**Data to examine:**

──────

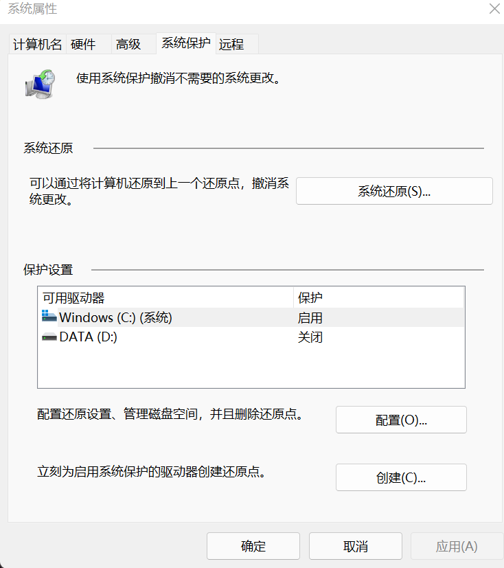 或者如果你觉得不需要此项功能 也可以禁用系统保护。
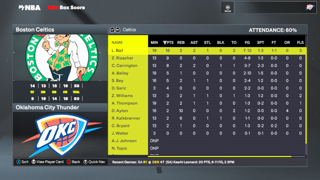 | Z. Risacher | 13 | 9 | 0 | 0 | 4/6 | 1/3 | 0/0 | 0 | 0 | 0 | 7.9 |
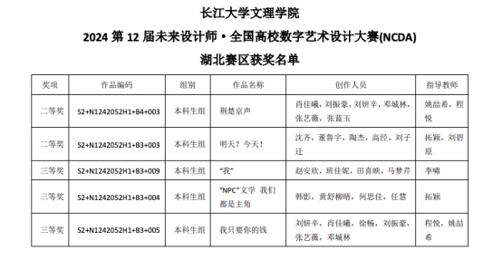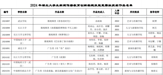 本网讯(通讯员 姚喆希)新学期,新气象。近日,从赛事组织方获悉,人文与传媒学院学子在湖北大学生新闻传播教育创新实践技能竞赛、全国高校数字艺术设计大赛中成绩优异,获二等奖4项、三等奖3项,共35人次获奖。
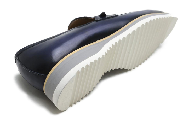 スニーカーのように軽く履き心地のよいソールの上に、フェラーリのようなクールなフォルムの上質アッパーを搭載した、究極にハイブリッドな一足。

──────

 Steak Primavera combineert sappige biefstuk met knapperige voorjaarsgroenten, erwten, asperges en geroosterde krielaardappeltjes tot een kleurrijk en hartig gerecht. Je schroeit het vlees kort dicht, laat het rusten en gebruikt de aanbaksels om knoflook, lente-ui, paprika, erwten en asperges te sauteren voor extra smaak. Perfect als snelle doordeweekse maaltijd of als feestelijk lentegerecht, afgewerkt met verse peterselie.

──────

Quote the data above exactly from the line with "或者如果你觉得不需要此项功能 也可以禁用系统保护。" to the line with "スニーカーのように軽く履き心", both ends counted, and nothing else. Pictures don't go in.

 或者如果你觉得不需要此项功能 也可以禁用系统保护。
 | Z. Risacher | 13 | 9 | 0 | 0 | 4/6 | 1/3 | 0/0 | 0 | 0 | 0 | 7.9 |
 本网讯(通讯员 姚喆希)新学期,新气象。近日,从赛事组织方获悉,人文与传媒学院学子在湖北大学生新闻传播教育创新实践技能竞赛、全国高校数字艺术设计大赛中成绩优异,获二等奖4项、三等奖3项,共35人次获奖。
 スニーカーのように軽く履き心地のよいソールの上に、フェラーリのようなクールなフォルムの上質アッパーを搭載した、究極にハイブリッドな一足。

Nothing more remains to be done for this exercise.